Use & Disclosure of PHI in Certain Special Circumstances

  • Worker’s Compensation. We may release PHI to worker’s compensation programs. This information is needed to access medical disability.
  • Health Oversight Activities. We may disclose PHI to a health oversight agency for activities authorized by law, such as for audits, investigations, inspections, and licensure. These activities are necessary for the government to monitor the health care system, government programs, and compliance with civil rights laws.
  • Lawsuits and Similar Proceedings. Our practice may use or disclose PHI in response to a court or administrative order if you are involved in a lawsuit or similar proceeding. We will make every effort to notify you before we release this information so that you have the opportunity to legally block the disclosure.
  • Law Enforcement. We may release PHI if ordered to do so by a law enforcement official:
    • In response to a court order, subpoena, warrant, summons, or similar process
    • To identify or locate a suspect, fugitive, material witness, or missing person
    • About a death we believe may be the result of criminal conduct
    • Regarding criminal conduct at our offices
    • In an emergency; to report a crime, the location of the crime, or victims; or the identity, description, or location of the person who committed the crime
  • Coroners or Medical Examiners. We may release PHI to a medical examiner or coroner to identify a deceased individual or to identify the cause of death. We may also release PHI to funeral directors in the performance of their job.
  • Organ and Tissue Donations. We may release PHI to organizations that handle organs, eye, or tissue procurement or transportation, including organ donation banks, as necessary to facilitate organ or tissue donation and transportation if you are an organ donor.
  • Military. We may release PHI if you are a member of the U.S. or foreign military forces (including veterans) if required by the proper military authorities.

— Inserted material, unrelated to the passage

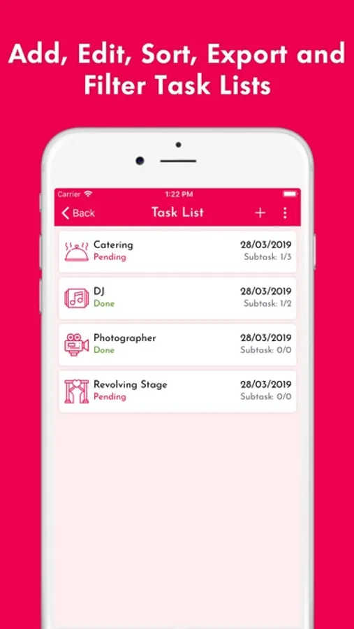 - Add, Edit, Sort, Export and Filter Task Lists
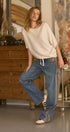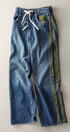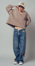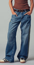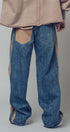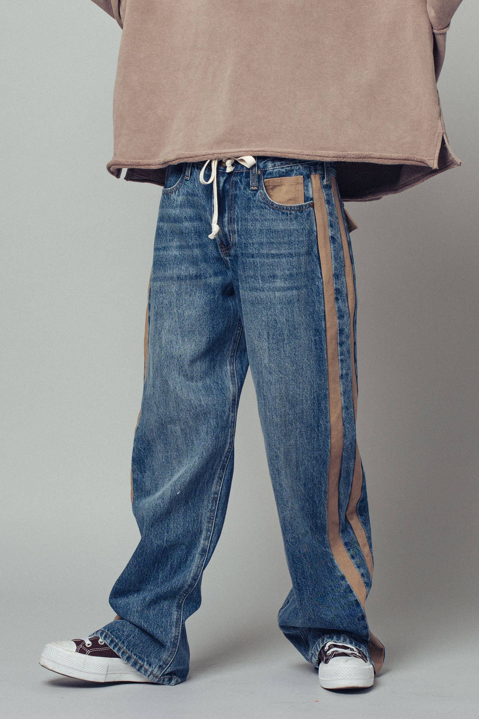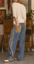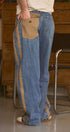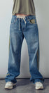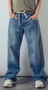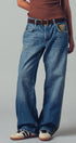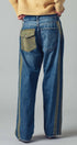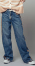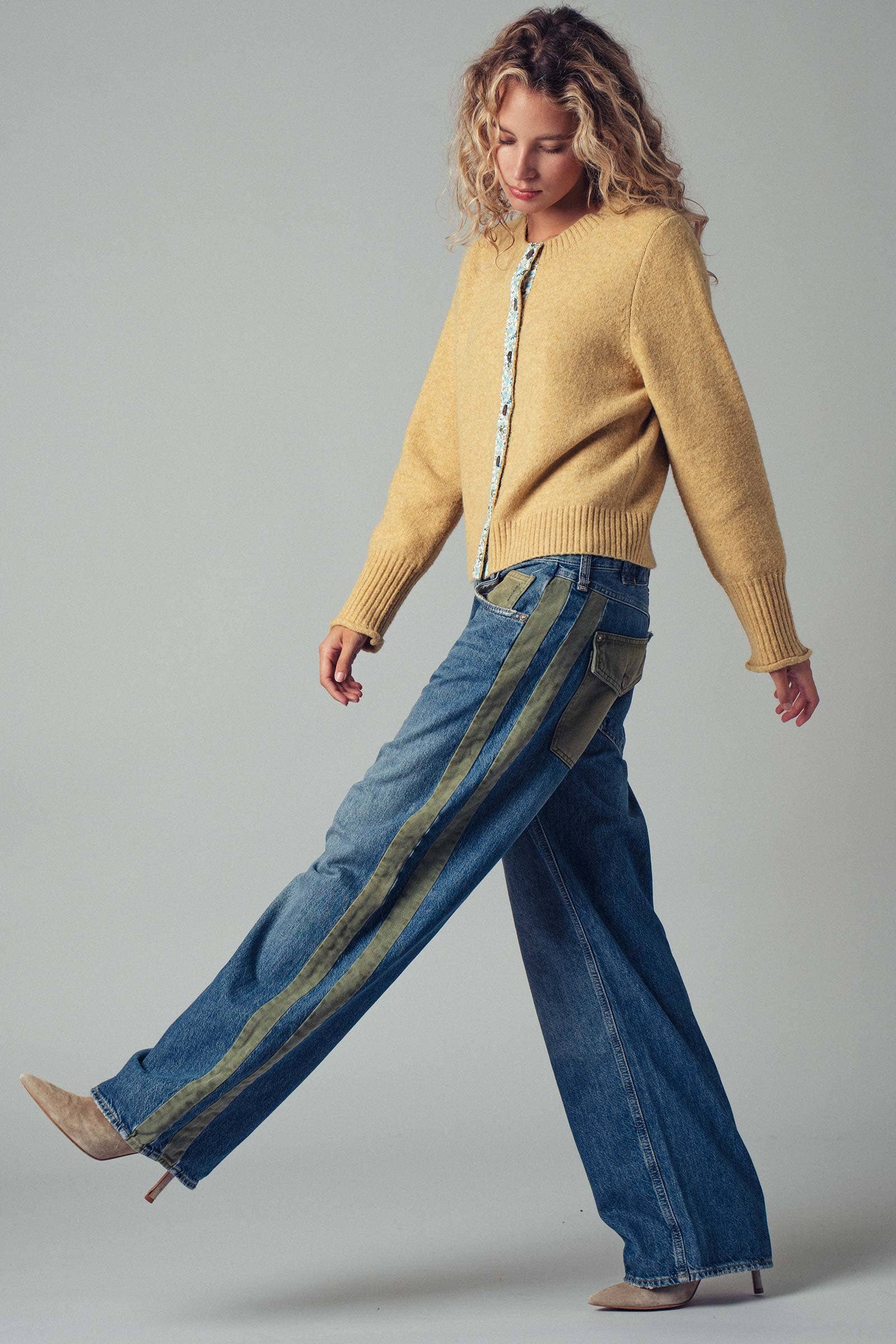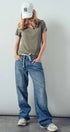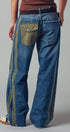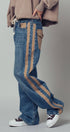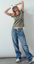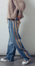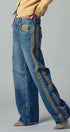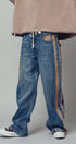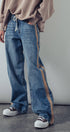 A relaxed denim staple with a utilitarian edge. These wide-leg jeans feature contrasting olive green side stripes, a mixed patch pocket at the back, and an angled coin pocket for standout detail. With a mid-rise waist and full-length silhouette, they balance everyday comfort with modern statement style.

Your Rights Regarding Your PHI

You have the following rights regarding PHI that we maintain about you.

  • Confidential Communications. You have the right to request that our practice communicate with you in reference to your health issues in a particular manner or location.
  • Right to Request Restrictions. You have the right to request restrictions or limitations in our use of PHI for purposes of treatment, payment, or health care operations. You also have the right to request a limit on the PHI we disclose about you to someone else who is involved in your care.

We are not required to agree to your request. If we do agree, we are bound by our agreement not to release your information unless required by law, in the case of an emergency, or when necessary for treatment. Your request must be in writing and cover the following areas: (a) PHI you want restricted; (b) whether you are requesting the limitation of our practice’s use, disclosure, or both; (c) to whom limits you wish to apply.

  • Accounting of Disclosures. All patients have a right to request an “accounting of disclosures.” This is a list of certain non-routine disclosures that our practice has made of your PHI for non-treatment, non-payment, or non-operations purposes. Use of PHI for routine patient care is not required to be documented. This request must be in writing and cover a specific time period that may not be longer than six (6) years from the date of disclosure. Your first request within a 12-month period is free of charge. The Practice may charge for additional requests within the same 12-month period. There may be a cost for the additional request. Please contact our office regarding any costs.
  • Right to File a Complaint. If you believe that your privacy rights have been violated, you may file a complaint with our offices or with the Secretary of the Department of Health and Human Services. All complaints must be in writing. You will not be penalized for filing a complaint.
  • Changes to This Notice. We reserve the right to change this notice at any time. We reserve the right to make the revised Notice effective for PHI already obtained, as well as any information we receive in the future. A current copy of this Notice will be available in our office or may be obtained at our website at www.northcolumbuseye.com.